# [WHAT YOU SHOULD DO]
The reply should hold every line of the listing exactly, and none of its images.

# [GIVEN MATERIAL]
────────────────────────────────────────

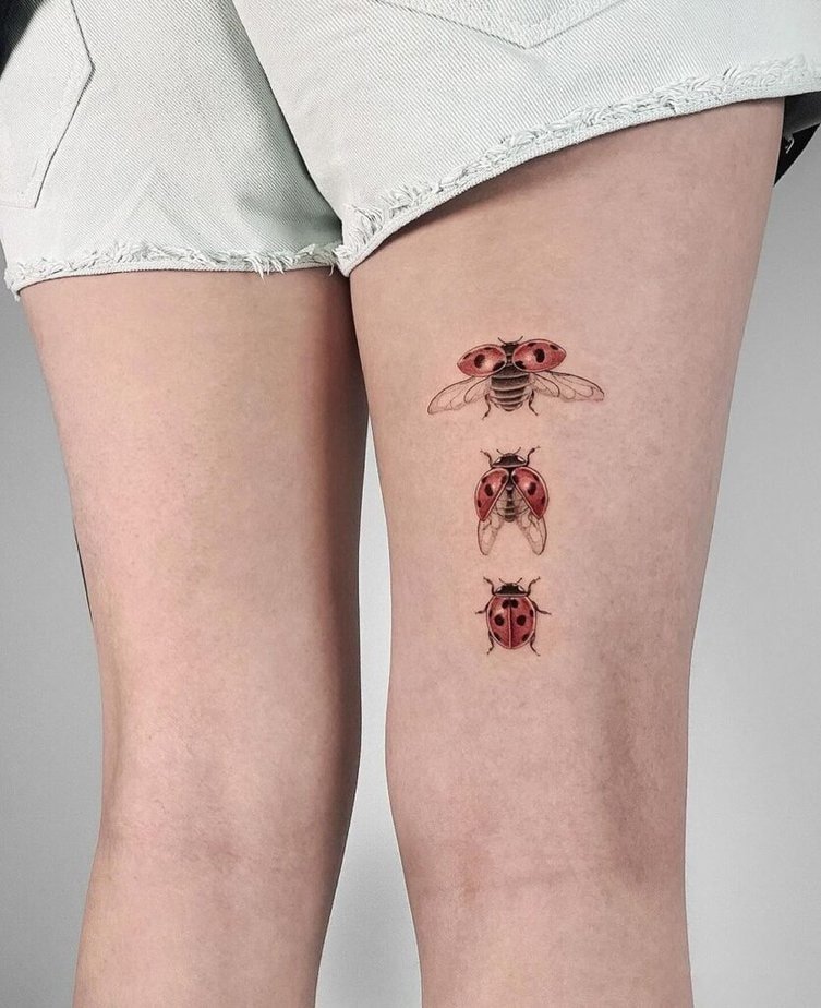 If you love bold lines and a classic palette, a traditional-style ladybug on the knee or thigh has big vintage energy. It’s playful and rooted in tattoo history.
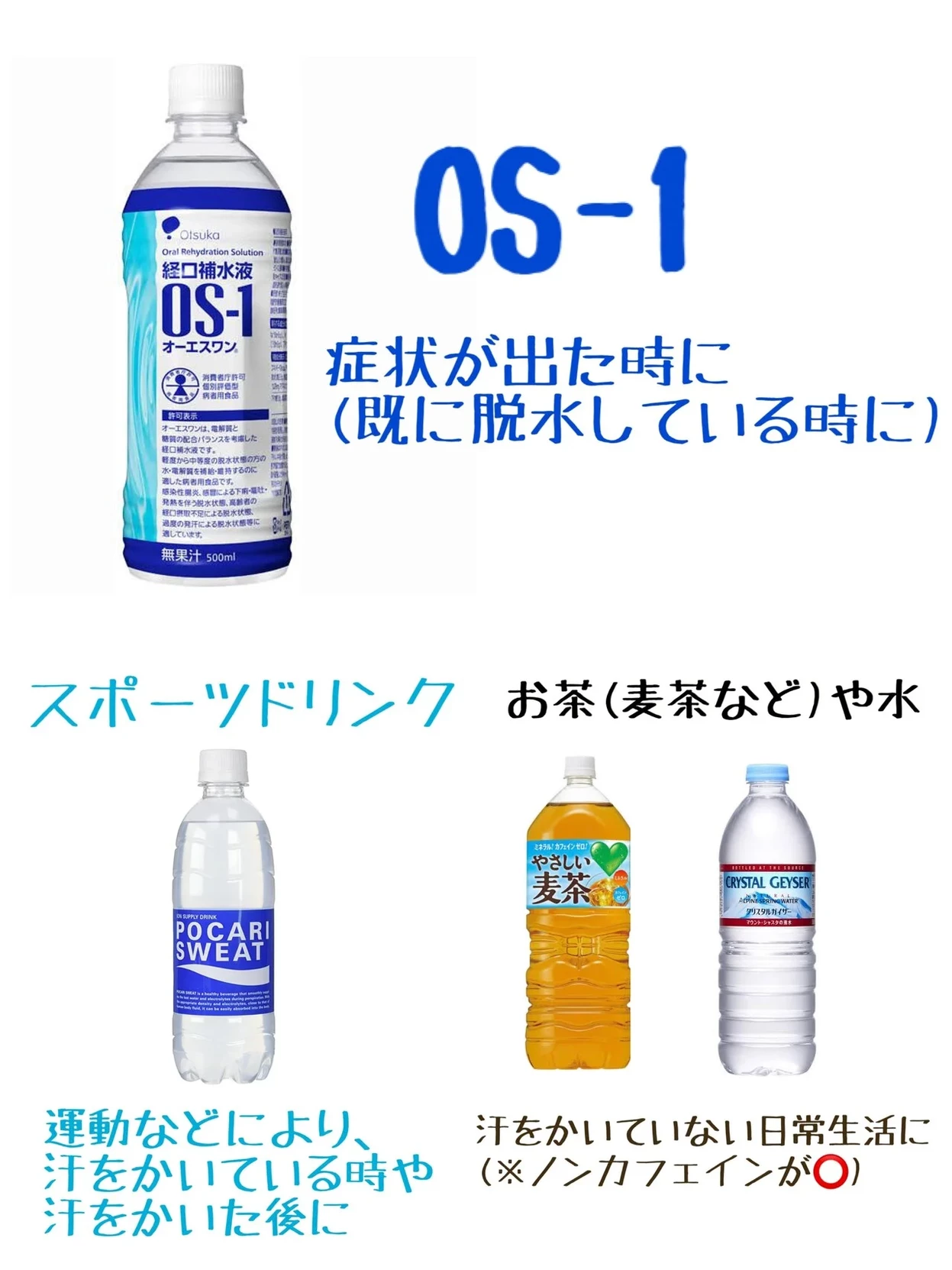 汗かいてないなら麦茶や水で十分。汗かいた時にスポーツドリンク。脱水が起こってOS-1だと。
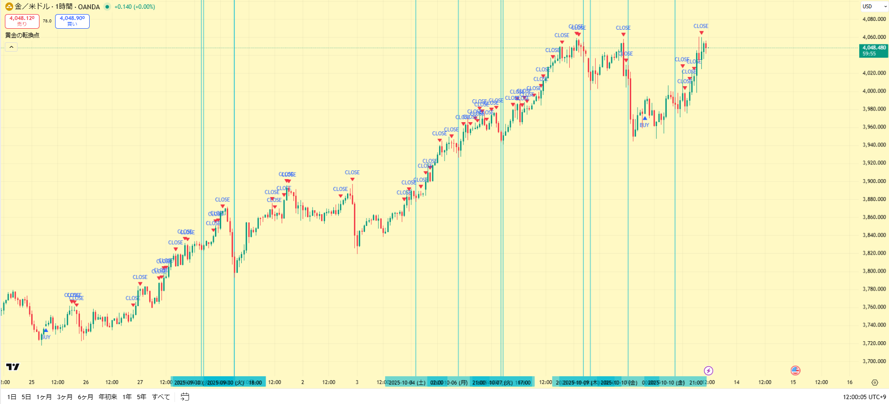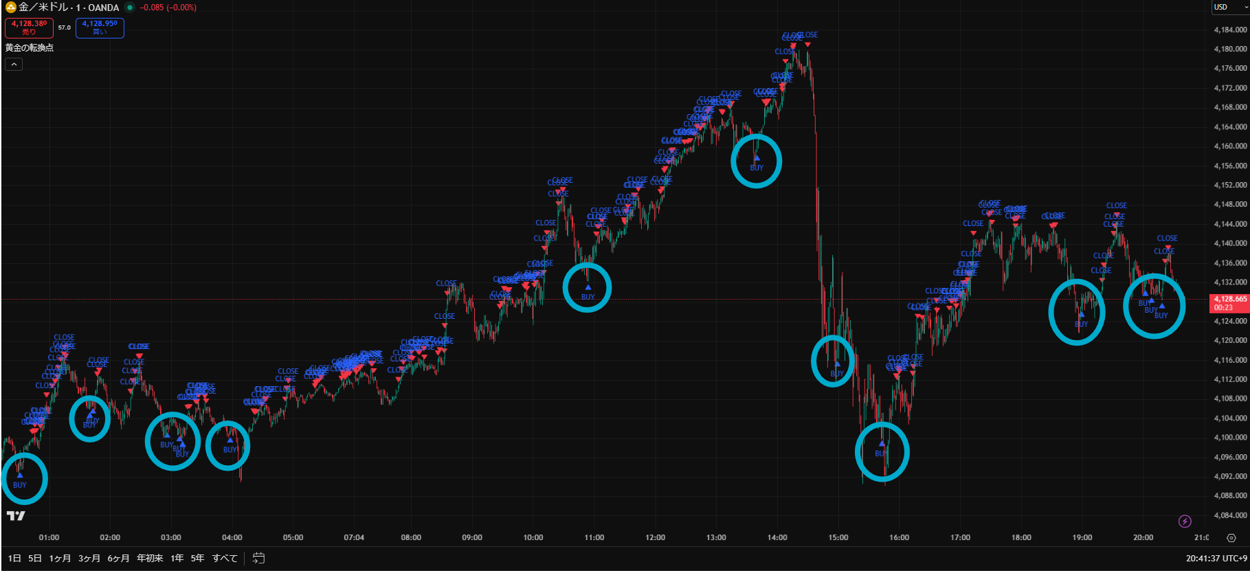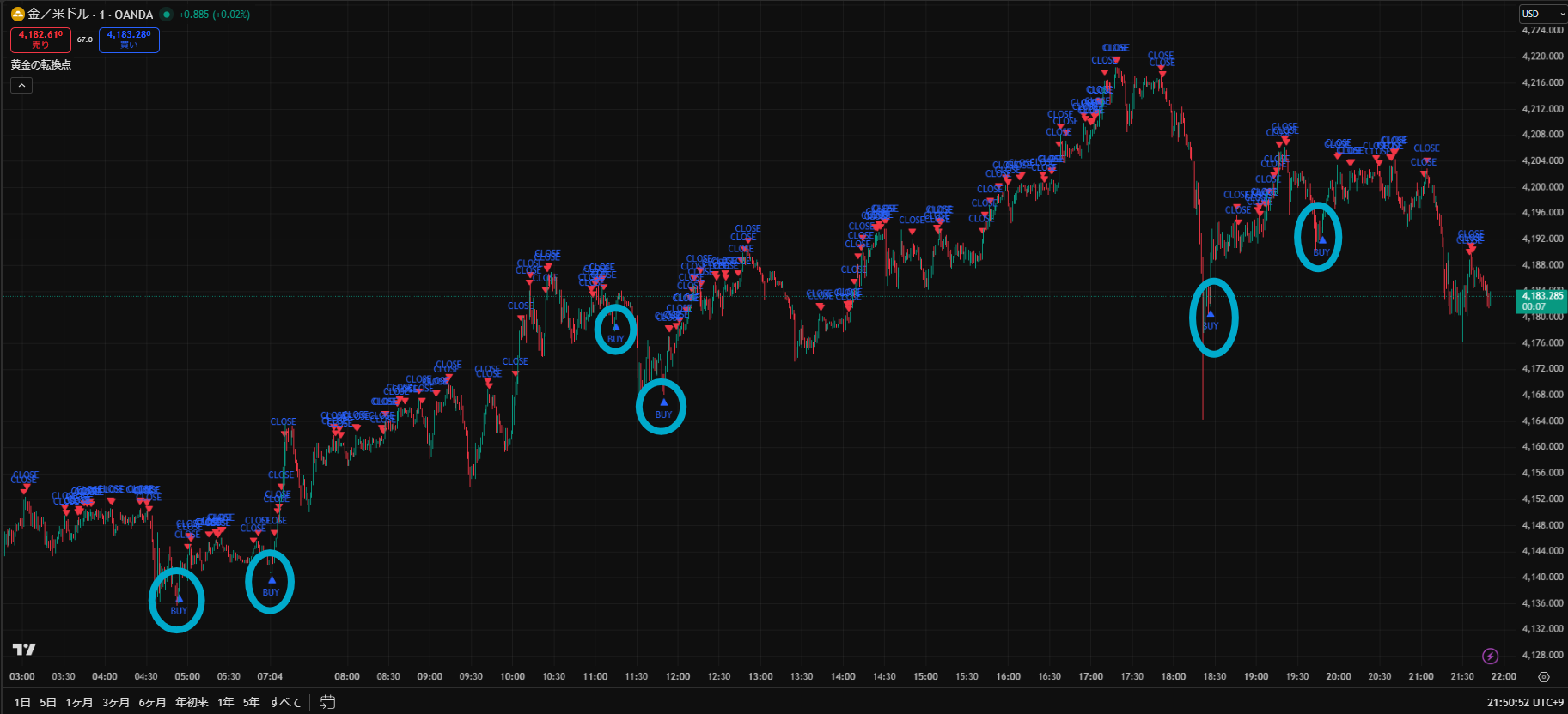 上位足で相場の流れをつかみ、5分足サインでエントリーすることが、”黄金の転換点”の理想です。

────────────────────────────────────────

# [OUTPUT FOR THIS TASK]
 If you love bold lines and a classic palette, a traditional-style ladybug on the knee or thigh has big vintage energy. It’s playful and rooted in tattoo history.
 汗かいてないなら麦茶や水で十分。汗かいた時にスポーツドリンク。脱水が起こってOS-1だと。
 上位足で相場の流れをつかみ、5分足サインでエントリーすることが、”黄金の転換点”の理想です。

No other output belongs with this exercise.